On April 14, Twitter announced it is donating its digital archive of public tweets to the Library of Congress. Twitter is a social networking service that enables users to send and receive tweets, which consist of web messages of up to 140 characters. Twitter processes more than 50 million tweets per day from people around the world. The Library will receive all public tweets-which number in the billions-from the 2006 inception of the service to the present.
The National Historical Publications and Records Commission (NHPRC) has issued a proposed rule that would remove individuals from eligibility for NHPRC grants, and change the time for posting of grant opportunity announcements from four to three months before the application deadline.

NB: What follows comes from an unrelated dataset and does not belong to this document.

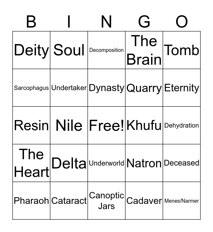 This bingo card has a free space and 24 words: Delta, Cataract, Dynasty, Pharaoh, Tomb, Deity, Sarcophagus, Soul, Khufu, Underworld, Quarry, Resin, Natron, Deceased, Undertaker, Cadaver, Dehydration, Decomposition, Eternity, Nile, Menes/Narmer, The Heart, The Brain and Canoptic Jars.
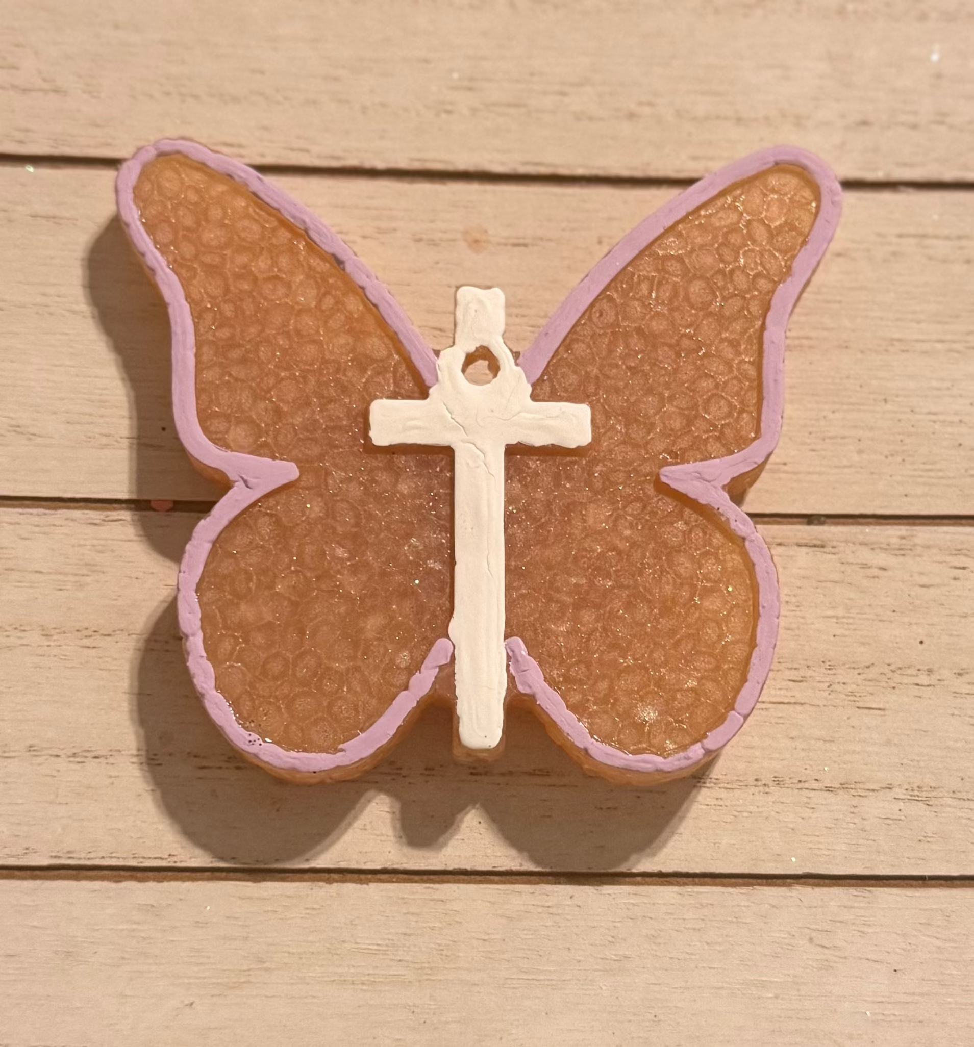 Butterfly With Cross Hanging Freshie

The National Endowment for the Humanities (NEH) has launched a new initiative called Bridging Cultures, which encourages projects that explore the ways in which cultures from around the globe, as well as the subcultures within America’s borders, have influenced American society. NEH is seeking proposals to plan and implement a program consisting of a forum and a workshop on one of two humanities themes: “Civility and Democracy” or “The Muslim World and the Humanities.”
The Public Interest Declassification Board (PIDB) will meet on April 22 in room 1310 of the Longworth House Office Building from 10 am to 12:30 pm, here in Washington. Presentations will be made by Acting National Declassification Center Director Michael Kurtz and by Wayne Leathers of the Defense Change Management Organization.